JAKARTA – Mulai kemarin (17/8), penurunan harga tes polymerase chain reaction (PCR) resmi berlaku. Batas tarif tertinggi pemeriksaan real time PCR (RT-PCR) menjadi Rp 495.000 untuk wilayah Jawa-Bali dan Rp 525.000 untuk luar Jawa-Bali.
”Dengan penetapan tersebut, kami mengimbau seluruh dinas kesehatan, baik tingkat provinsi maupun kabupaten/kota, untuk melakukan pembinaan dan pengawasan terhadap pemberlakuan tarif tertinggi ini,” jelas Juru Bicara Satgas Penanganan Covid-19 Wiku Adisasmito kemarin.
Direktur Jenderal Pelayanan Kesehatan Kementerian Kesehatan Prof Abdul Kadir menjelaskan, pihaknya telah melakukan evaluasi terkait biaya operasional terbaru pelaksanaan tes PCR. Kemenkes menggandeng Badan Pengawasan Keuangan dan Pembangunan (BPKP). Pemerintah, kata dia, akan terus mengevaluasi dan meninjau ulang batas tertinggi harga tes tersebut secara berkala berdasar dinamika yang ada.
Batasan tarif itu hanya berlaku untuk masyarakat yang melakukan pemeriksaan RT-PCR atas permintaan sendiri atau mandiri. Sedangkan untuk kepentingan penelusuran kontak atau rujukan kasus Covid-19 ke rumah sakit, harga itu tidak berlaku. Karena mendapatkan bantuan pemeriksaan RT-PCR dari pemerintah atau bagian dari penjaminan pembiayaan pasien Covid-19.
Abdul Kadir menyebutkan, sebelumnya harga tes PCR cukup tinggi karena unit cost disesuaikan dengan harga bahan-bahan yang diperlukan. Harga bahan tersebut cukup tinggi pada masa awal pandemi.

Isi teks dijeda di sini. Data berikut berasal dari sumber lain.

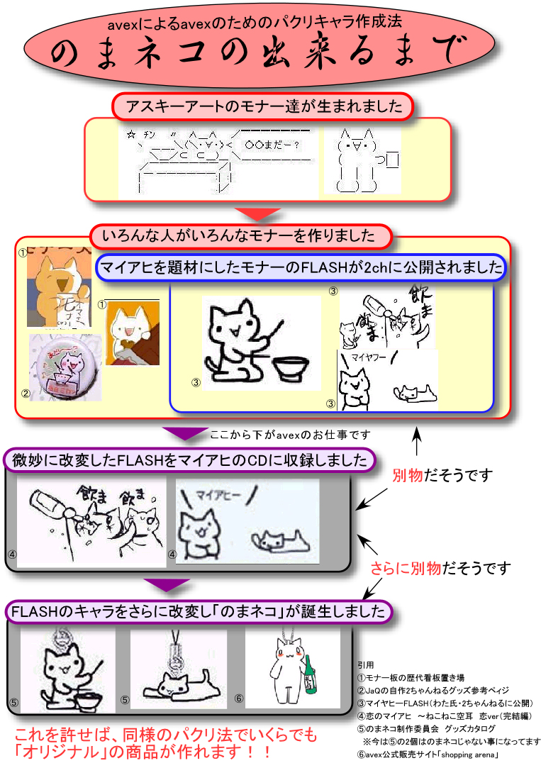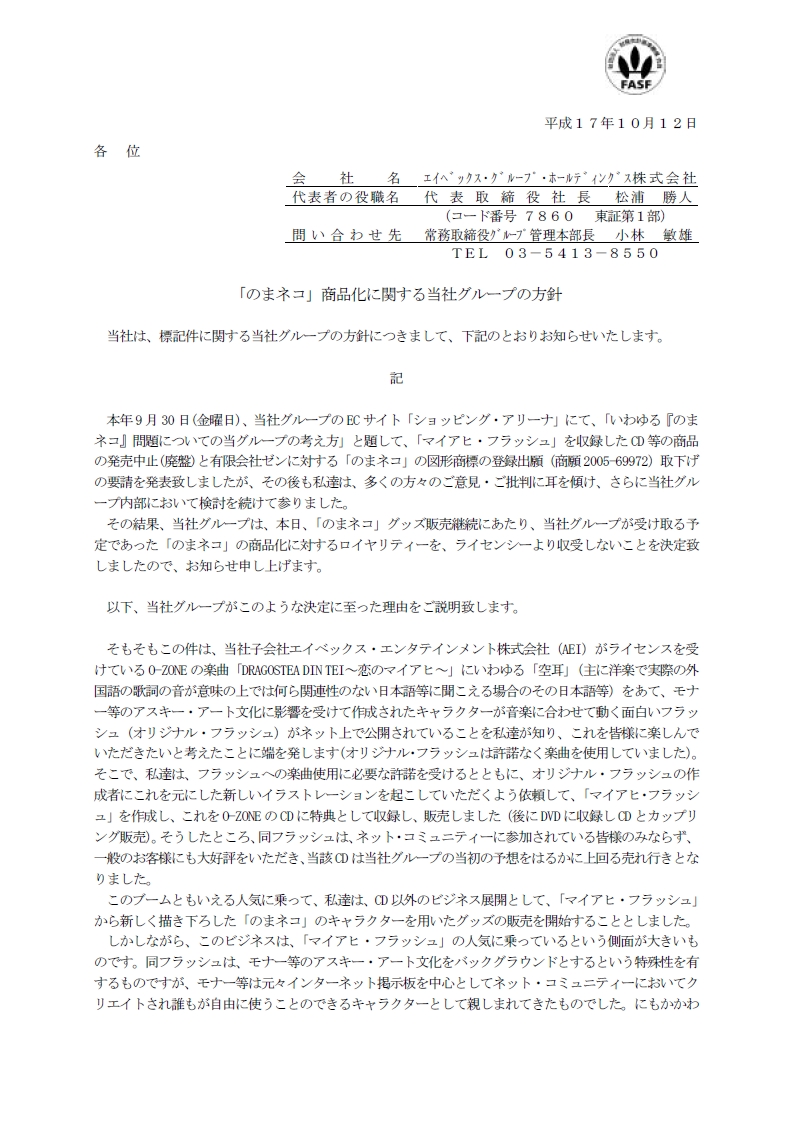 エイベックス・グループ・ホールディングス株式会社(以下、エイベックス)が2005年10月12日付けでプレスリリース「『のまネコ』商品化に関する当社グループの方針(PDF)」を同社ウェブサイトに掲載しました。(テキスト)

”Aturan batas harga tertinggi pemeriksaan RT-PCR yang berlaku mulai 17 Agustus 2021 ini akan dituangkan dalam surat edaran dari Kementerian Kesehatan,” jelasnya.
Menurut Abdul Kadir, ada perbedaan batas harga tertinggi tes PCR di luar Jawa-Bali dengan di Jawa-Bali. ”Karena memperhitungkan variabel biaya transportasi,” imbuhnya.

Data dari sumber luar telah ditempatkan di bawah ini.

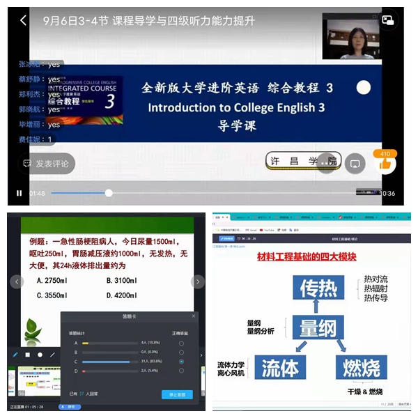 电气与机械工程学院第一时间召开线上教学会议,提前购置电脑、手机支架、书写板、千兆路由器等多种设备,打造居家“讲台”;提前摸底,精心挑选适合学生的直播平台并做好意外预案,确保直播“不掉线”。教育学院组织现代教育技术专业教师,整理编写在线教学技术指南,为全院教师解答疑惑。土木工程学院以系、教研室为单位,开展线上教学经验交流与研讨,手把手指导新进教师,进一步提升线上教学质量。外国语学院以BOPPPS有效教学法为主,多种教学方法有效组合使用,借助直播软件和在线课程的投票、抢答、随堂练习等功能,让课堂活起来。
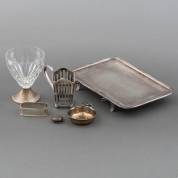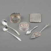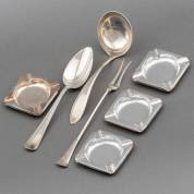 Vier 1e gehalte zilveren asbakjes, 2e gehalte zilveren sauslepel, vleesvork en dessertlepel, gewicht 219 gram, asbakjes 6,5 × 6,5 cm
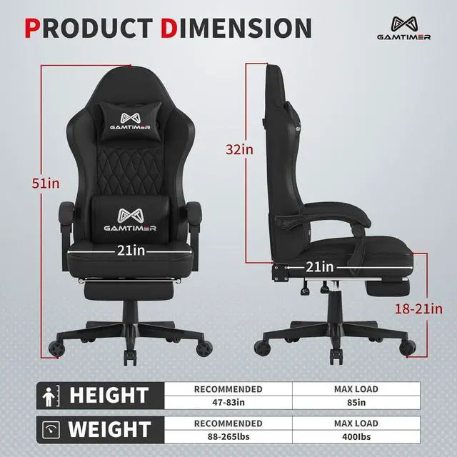 • - The gaming chair comes with a spacious seat and backrest that can hold up to 400lbs. Ideal for larger adults. Maximum dimensions are 21L * 21W * 51H inches. The ergonomic high backrest provides excellent lumbar support and fits naturally around your shoulders, head and neck.
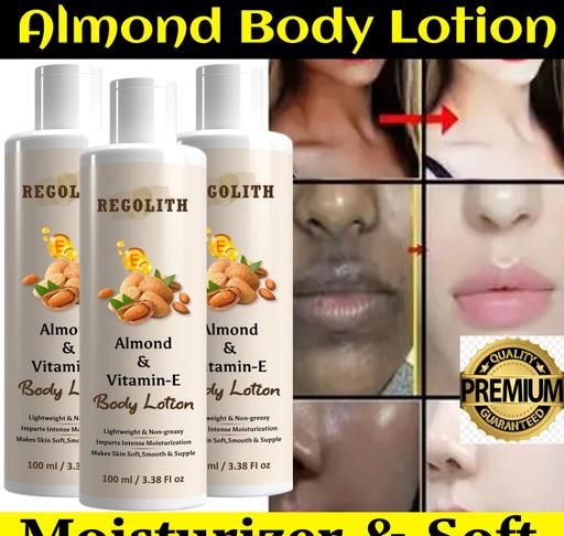 Name: Regolith Almond & Vitamin -E Body Lotion Skin Whitening Body Lotion for Dry Skin Protection with Almond Oil & Vitamin E. 100ML(Pack of 3)

Sementara itu, Menteri Komunikasi dan Informatika Johnny G. Plate mengungkapkan, harga tes PCR tersebut kini berkurang sekitar 45 persen dari batas harga tertinggi sebelumnya. Pemerintah, lanjut dia, juga mengatur hasil tes PCR harus dapat dikeluarkan dalam durasi maksimal 1 x 24 jam.

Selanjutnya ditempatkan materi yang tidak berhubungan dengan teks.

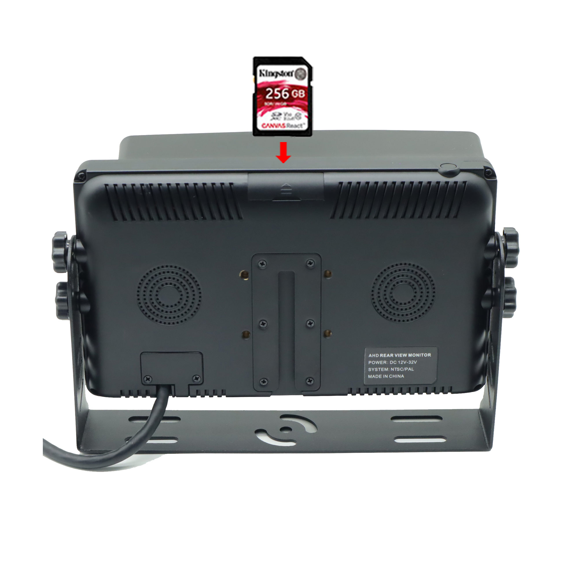 Carleader 7-tommers 4CH AHD-innganger Quad View Display Monitor støtter DVR-opptaksfunksjon, med SD-kortspor på baksiden av skjermen, maksimal kapasitet er opptil 256 GB. Funksjoner med loop-opptaksfunksjon, kan automatisk ta opp kameravideo og avspilling.
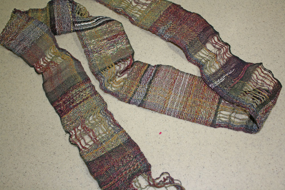 She used all kinds of out of the box (normal?) yarn to weave this piece. Also note the leno between the solid woven parts.
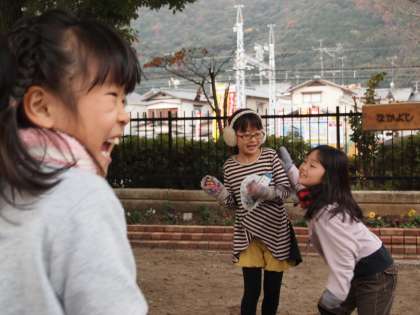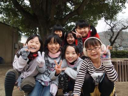 中間休み,クスノキの周りでとても楽しそうな子どもたちがいました。鬼ごっこをしていたのですが,あまりに楽しそうだったので集合写真まで撮らせてもらいました。
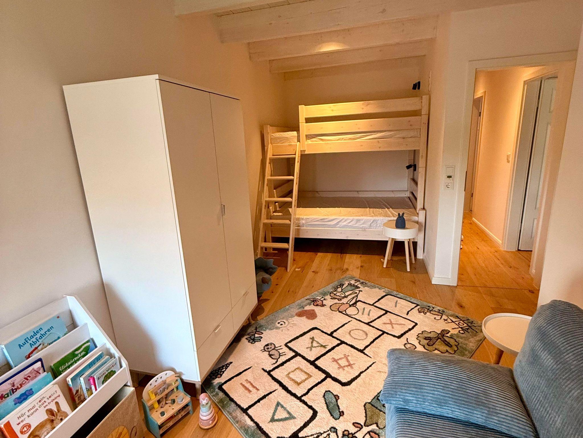 Eines davon mit einem Doppelbett (180x200) einem großen Kleiderschrank und einem Schreibtisch, welcher zum mobilen arbeiten einlädt, ein weiteres als Kinderzimmer gestaltet, mit einem großen Doppelstockbett (untere Etage 140x190/ obere Etage 120x190) sowie ein gemütliches Klappsofa mit umklappbarer Rücklehne (140x190), das sich mit wenigen Handgriffen in ein Doppelbett verwandeln lässt. In diesem Raum befindet sich ebenfalls ein Kleiderschrank und allerlei Dinge, die Kinderaugen strahlen lassen.
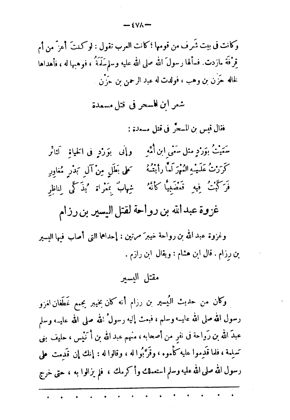 وَغَزْوَةُ عَبْدِ اللهِ بْنِ رَوَاحَةَ خَيْبَرَ مَرّتَيْنِ: إحْدَاهُمَا الّتِي أَصَابَ فِيهَا الْيَسِيرَ بْنَ رِزَامٍ. قَالَ ابْنُ هِشَامٍ: وَيُقَالُ ابْنُ رازم.
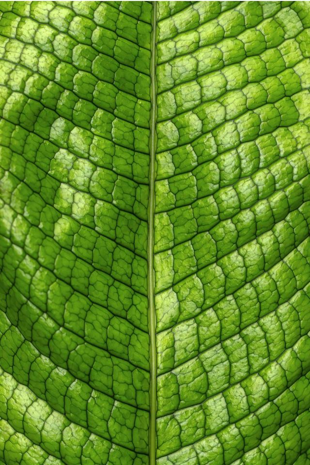 Leaf stem of Amorphophallus variabilis x A. decus-silvae. This is a young leaf stem, with a smooth surface, and about 5cm in diameter. In the rain forest, there are many insects and animals looking for soft young plant growth to eat, and this camouflage mimics an old, lichen-covered tree stem, which may possibly help to protect it from being eaten. Photo: David Clode.
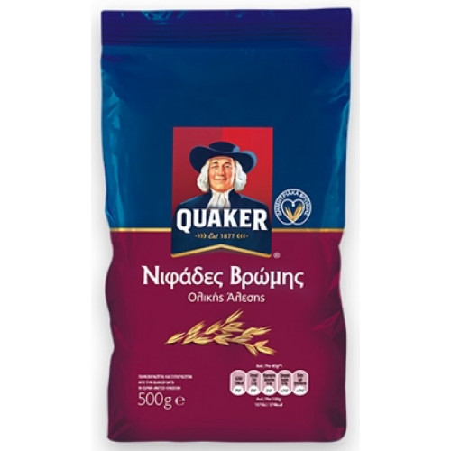 QUAKER νιφάδες βρώμης ολικής 500γρ (ΕΛ) σακούλα

Dengan pemeriksaan yang makin masif dan cepat, kasus konfirmasi bisa terdeteksi lebih cepat dan segera ditindaklanjuti. ”Semoga kebijakan baik ini dapat memotivasi lebih banyak warga untuk bersikap proaktif melakukan tes secara mandiri sehingga pada akhirnya Indonesia lebih cepat pulih dari pandemi,” harapnya.